Davalıya ait araç sürücüsü… 19.11.2007 tarihli oto hırsızlığı müracaat tutanağında, aracı 18.11.2007 günü saat 12.00 sularında … … Mah. Salı … Sokağı’na park ettiğini, 19.11.2007 günü saat 20.00 sularında park ettiği yere geldiğinde bulamadığını ve kimliği belirsiz kişilerce çalındığını bildirmiştir.

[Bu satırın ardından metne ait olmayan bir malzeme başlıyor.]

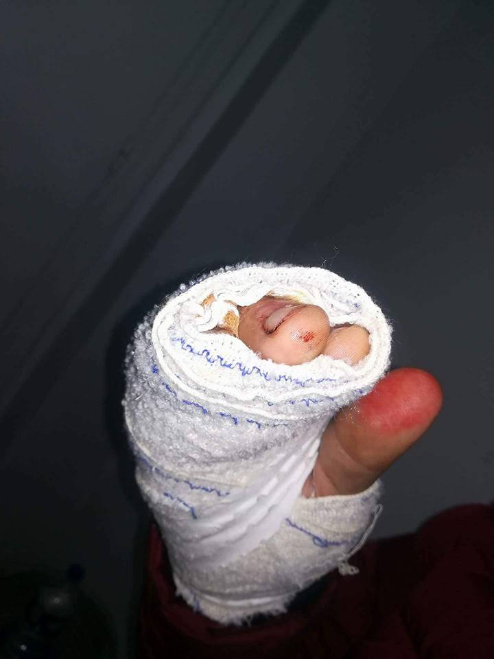 - آثار بقايا دم متجمّد على مستوى الرأس والأذن اليسرى.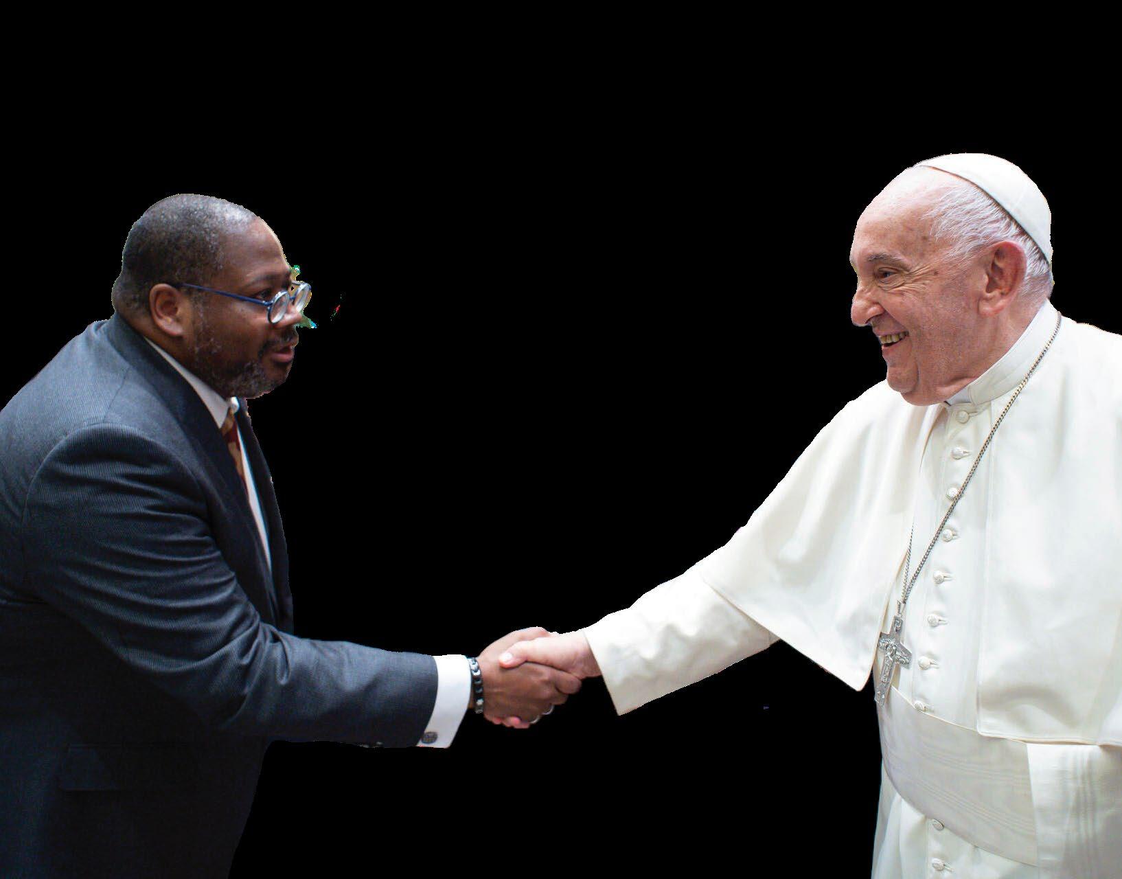 Loyola President Xavier Cole shakes hands with Pope Francis. Courtesy of Cole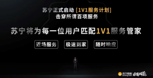 服務方面,蘇寧則啟動“1V1”服務計劃,為每?位用戶匹配1V1 服務管家,將服務力量調配到了最大值,依托于蘇寧物流的高效配送助力,家樂福、蘇寧小店等業態引領的極速到家服務更是成為最大亮點之一。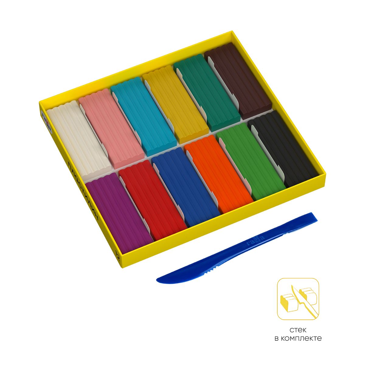 Пластилин Гамма "Юный художник" NEW, 12 цветов, 168г, со стеком, картон. упаковка

Dosyada mevcut 17.11.2007 tarihli oto bağlama belgesinde, açık kimliği bilinmeyen sürücü… hakkında alkollü araç kullanmaktan işlem yapıldığı, ehliyeti ve ruhsatı getirinceye kadar aracın verilemeyeceği belirtilmiş, mahkemede dinlenen tutanak tanığı sürücünün alkollü olduğunu tespit edip, şahsın üzerinden ehliyet ve kimlik çıkmayınca aracı otoparka teslim ettiklerini, sürücüyü ehliyet ve ruhsatı getirmesi için evine gönderdiklerini, ancak şahsın bir daha gelmediğini beyan etmiştir.
Bu durumda, aracın çalınmadığı, polis tarafından bağlandığı anlaşılmakta olup, davacının yaptığı ödemeyi ve masrafları davalı sigortalısından istirdat hakkının bulunduğunun kabulü gerekir.
O halde, davacı vekilinin karar düzeltme itirazlarının kabulü ile, usul ve yasaya uygun bulunan yerel mahkeme kararının onanması gerekmiştir.
SONUÇ: Yukarıda açıklanan nedenlerle, davacı vekilinin karar düzeltme itirazlarının kabulü ile, Daire’nin 25.03.2010 gün 2009/8412 Esas ve 2010/2674 Karar sayılı ilâmı ortadan kaldırılarak, yerel mahkeme kararının ONANMASINA ve aşağıda dökümü yazılı 746,00 TL kalan harcın temyiz eden davalıdan
alınmasına, tashihi karar peşin harcının istek halinde temyiz eden davacıya geri verilmesine 21.2.2011 gününde oybirliğiyle karar verildi.